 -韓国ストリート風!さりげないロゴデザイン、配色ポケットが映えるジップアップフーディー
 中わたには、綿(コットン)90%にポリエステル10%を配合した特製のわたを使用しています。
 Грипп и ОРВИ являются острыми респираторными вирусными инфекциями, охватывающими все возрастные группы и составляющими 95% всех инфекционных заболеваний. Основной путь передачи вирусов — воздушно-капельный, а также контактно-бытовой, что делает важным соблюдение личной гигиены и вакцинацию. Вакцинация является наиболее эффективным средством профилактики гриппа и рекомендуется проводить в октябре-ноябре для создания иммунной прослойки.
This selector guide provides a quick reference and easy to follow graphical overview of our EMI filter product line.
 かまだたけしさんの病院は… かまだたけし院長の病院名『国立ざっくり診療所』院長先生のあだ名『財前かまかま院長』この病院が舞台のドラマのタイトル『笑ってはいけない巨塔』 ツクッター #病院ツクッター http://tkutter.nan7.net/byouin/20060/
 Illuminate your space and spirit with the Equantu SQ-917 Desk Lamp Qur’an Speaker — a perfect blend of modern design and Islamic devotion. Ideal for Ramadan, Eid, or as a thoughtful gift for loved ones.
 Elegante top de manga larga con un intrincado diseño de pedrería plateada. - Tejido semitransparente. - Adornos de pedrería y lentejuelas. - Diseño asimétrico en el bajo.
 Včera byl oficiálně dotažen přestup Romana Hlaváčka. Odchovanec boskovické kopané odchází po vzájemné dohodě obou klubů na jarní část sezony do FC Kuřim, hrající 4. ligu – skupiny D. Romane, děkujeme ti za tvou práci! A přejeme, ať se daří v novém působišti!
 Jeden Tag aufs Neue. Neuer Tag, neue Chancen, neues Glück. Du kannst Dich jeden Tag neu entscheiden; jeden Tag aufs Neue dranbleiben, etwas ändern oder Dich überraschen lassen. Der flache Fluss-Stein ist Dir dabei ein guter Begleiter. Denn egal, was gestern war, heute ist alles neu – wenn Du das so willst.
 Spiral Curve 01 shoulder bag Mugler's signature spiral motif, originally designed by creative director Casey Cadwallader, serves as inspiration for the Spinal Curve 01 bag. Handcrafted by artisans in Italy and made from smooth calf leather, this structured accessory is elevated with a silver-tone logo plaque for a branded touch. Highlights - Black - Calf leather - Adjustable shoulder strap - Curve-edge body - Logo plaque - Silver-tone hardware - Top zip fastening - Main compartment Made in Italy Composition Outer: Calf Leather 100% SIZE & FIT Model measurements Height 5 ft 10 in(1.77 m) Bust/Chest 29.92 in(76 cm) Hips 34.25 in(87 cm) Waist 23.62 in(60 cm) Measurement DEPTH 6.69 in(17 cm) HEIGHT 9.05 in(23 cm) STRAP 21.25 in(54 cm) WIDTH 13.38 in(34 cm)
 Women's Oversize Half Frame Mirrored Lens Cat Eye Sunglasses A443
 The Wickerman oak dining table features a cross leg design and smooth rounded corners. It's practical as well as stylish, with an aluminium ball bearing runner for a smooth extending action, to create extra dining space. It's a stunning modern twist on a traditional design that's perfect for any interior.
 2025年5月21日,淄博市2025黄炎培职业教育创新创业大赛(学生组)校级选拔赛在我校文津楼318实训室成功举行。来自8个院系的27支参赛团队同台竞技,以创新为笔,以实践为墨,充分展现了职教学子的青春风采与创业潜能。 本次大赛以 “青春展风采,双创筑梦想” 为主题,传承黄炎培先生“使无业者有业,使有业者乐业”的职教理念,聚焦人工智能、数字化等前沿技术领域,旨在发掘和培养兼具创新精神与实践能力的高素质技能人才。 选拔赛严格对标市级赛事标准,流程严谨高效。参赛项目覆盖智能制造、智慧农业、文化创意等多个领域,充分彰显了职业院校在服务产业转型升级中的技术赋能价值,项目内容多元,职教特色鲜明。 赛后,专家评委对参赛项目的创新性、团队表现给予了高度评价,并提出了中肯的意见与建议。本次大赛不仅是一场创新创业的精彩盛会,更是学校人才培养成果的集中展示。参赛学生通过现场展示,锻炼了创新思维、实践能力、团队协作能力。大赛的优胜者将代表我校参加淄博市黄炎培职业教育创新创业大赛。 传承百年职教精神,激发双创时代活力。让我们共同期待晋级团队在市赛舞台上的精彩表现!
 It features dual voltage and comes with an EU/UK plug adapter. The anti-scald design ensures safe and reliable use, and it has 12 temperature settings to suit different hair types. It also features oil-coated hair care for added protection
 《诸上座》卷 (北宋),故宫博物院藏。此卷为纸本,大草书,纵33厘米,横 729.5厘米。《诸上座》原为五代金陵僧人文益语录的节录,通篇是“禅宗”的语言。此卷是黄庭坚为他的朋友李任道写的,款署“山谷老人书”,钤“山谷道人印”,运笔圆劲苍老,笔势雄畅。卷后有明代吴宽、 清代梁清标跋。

Your instructions: From the entries above, extract only the lines running from the one containing "Illuminate your space" through the one containing "Jeden Tag aufs Neue.", inclusive.

Completed exercise:
 Illuminate your space and spirit with the Equantu SQ-917 Desk Lamp Qur’an Speaker — a perfect blend of modern design and Islamic devotion. Ideal for Ramadan, Eid, or as a thoughtful gift for loved ones.
 Elegante top de manga larga con un intrincado diseño de pedrería plateada. - Tejido semitransparente. - Adornos de pedrería y lentejuelas. - Diseño asimétrico en el bajo.
 Včera byl oficiálně dotažen přestup Romana Hlaváčka. Odchovanec boskovické kopané odchází po vzájemné dohodě obou klubů na jarní část sezony do FC Kuřim, hrající 4. ligu – skupiny D. Romane, děkujeme ti za tvou práci! A přejeme, ať se daří v novém působišti!
 Jeden Tag aufs Neue. Neuer Tag, neue Chancen, neues Glück. Du kannst Dich jeden Tag neu entscheiden; jeden Tag aufs Neue dranbleiben, etwas ändern oder Dich überraschen lassen. Der flache Fluss-Stein ist Dir dabei ein guter Begleiter. Denn egal, was gestern war, heute ist alles neu – wenn Du das so willst.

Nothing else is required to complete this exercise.